What to work on: Extract the stretch of lines that starts at the line with "15:00: The cruise" and ends at the last line of the data below. Give it exactly, without pictures.

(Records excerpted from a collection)

- - -

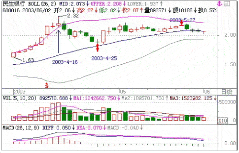 600016民生银行,4/16日大涨以后从上轨下跌到中轨线上(4/25),然后缩量反弹盘升到5/27日,又在上轨附近不能放量上攻突破上轨线,次日选择了向下回落,在中轨处盘整一周以后跌破中轨,大势已去也。见顶形态十分明显。如果把KDJ,MACD,以及VOL线一起看,顶部信号早就一清二楚,如图14所示。
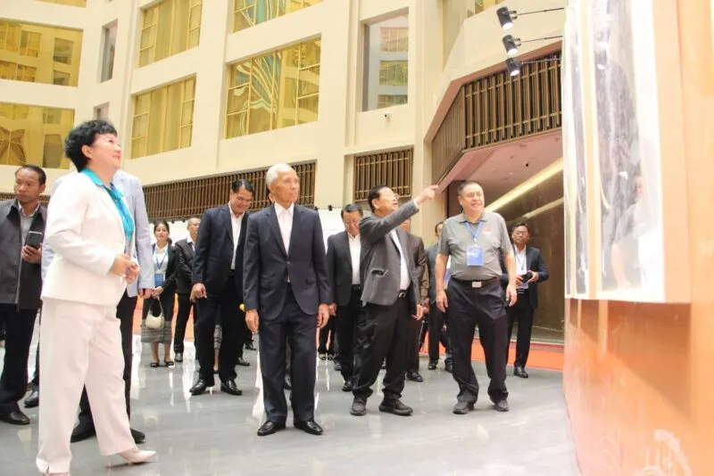 นิทรรศการจัดขึ้น ณ ห้อง MF โรงแรมดาวดอกงิ้ว ภายในเขตเศรษฐกิจพิเศษสามเหลี่ยมทองคำ เมืองต้นผึ้ง แขวงบ่อแก้ว สปป.ลาว โดยมี ท่านคำพัน เผียยะวง กรรมการกรมการเมืองศูนย์กลางพรรค
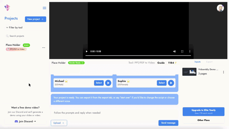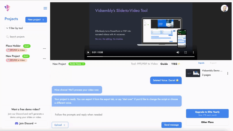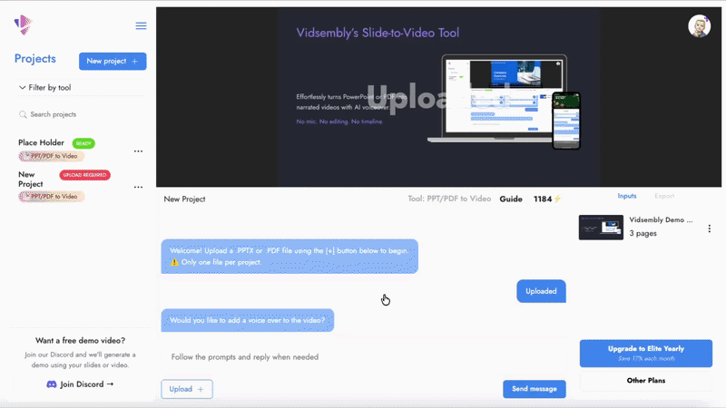 Send us your slide deck or video and we’ll generate a demo project so you can see the results before trying it yourself.
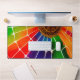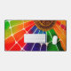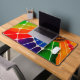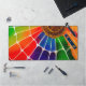 Ce tapis de bureau a une toile arc-en-ciel dessus.
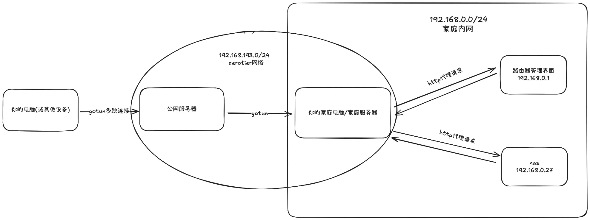 你可以将其理解为:gotun 让你的本地网络请求,通过远程主机这个"跳板",去访问原本不可达的资源。
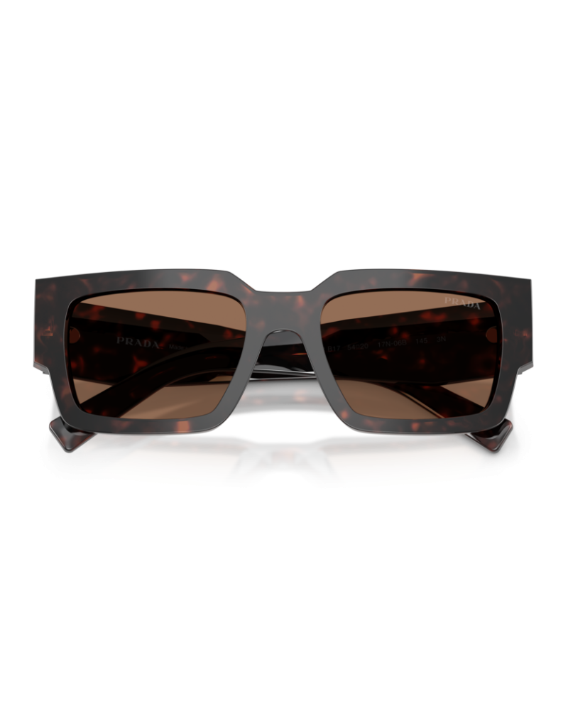 Occhiali da sole Prada B17S 17N06B, caratterizzati da una forma rettangolare e una costruzione di alta qualità. L'aspetto minimalista ma distintivo sono tipici della Maison, che si distingue per la sua attenzione ai dettagli e il design moderno, pensato per un pubblico alla ricerca di occhiali che esprimano individualità e stile unico.
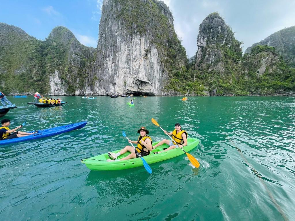 15:00: The cruise will take you to “Tra Bau” to enjoy kayaking and swimming. This is famous filming location for he movie kong:Skull Island in Quang Ninh in 2018.
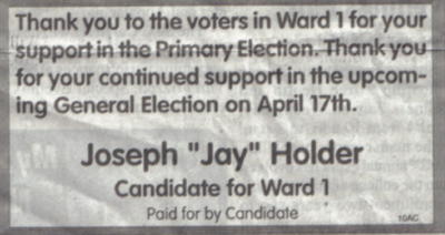 JOSEPH "JAY" HOLDER "THANK YOU" AD
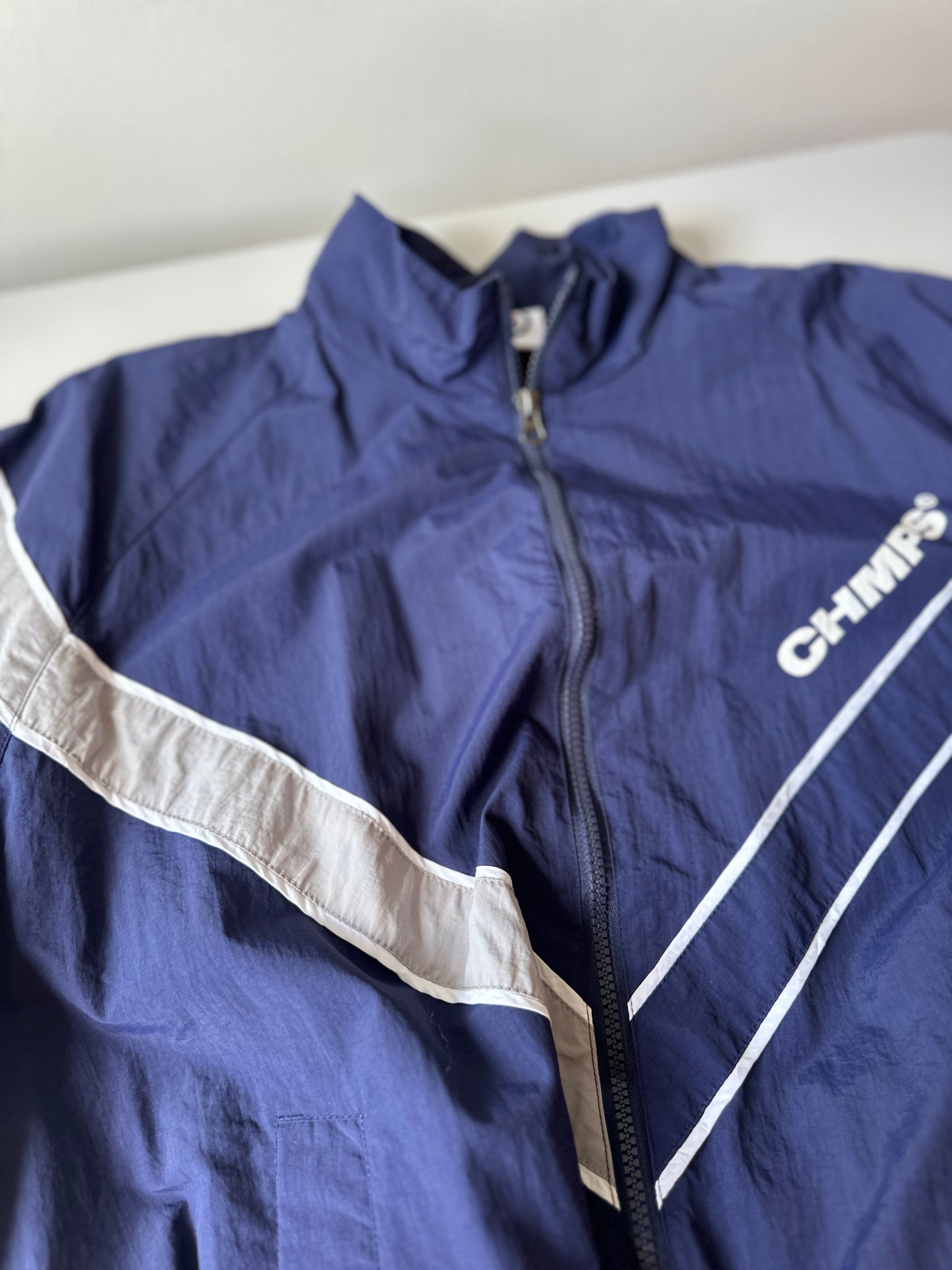 description. a cool Korean brand, this windbreaker is super cool. a navy colour with V shape coming down into the middle of the zipper, it's giving 80s track and field

- - -

Answer for the task:
 15:00: The cruise will take you to “Tra Bau” to enjoy kayaking and swimming. This is famous filming location for he movie kong:Skull Island in Quang Ninh in 2018.
 JOSEPH "JAY" HOLDER "THANK YOU" AD
 description. a cool Korean brand, this windbreaker is super cool. a navy colour with V shape coming down into the middle of the zipper, it's giving 80s track and field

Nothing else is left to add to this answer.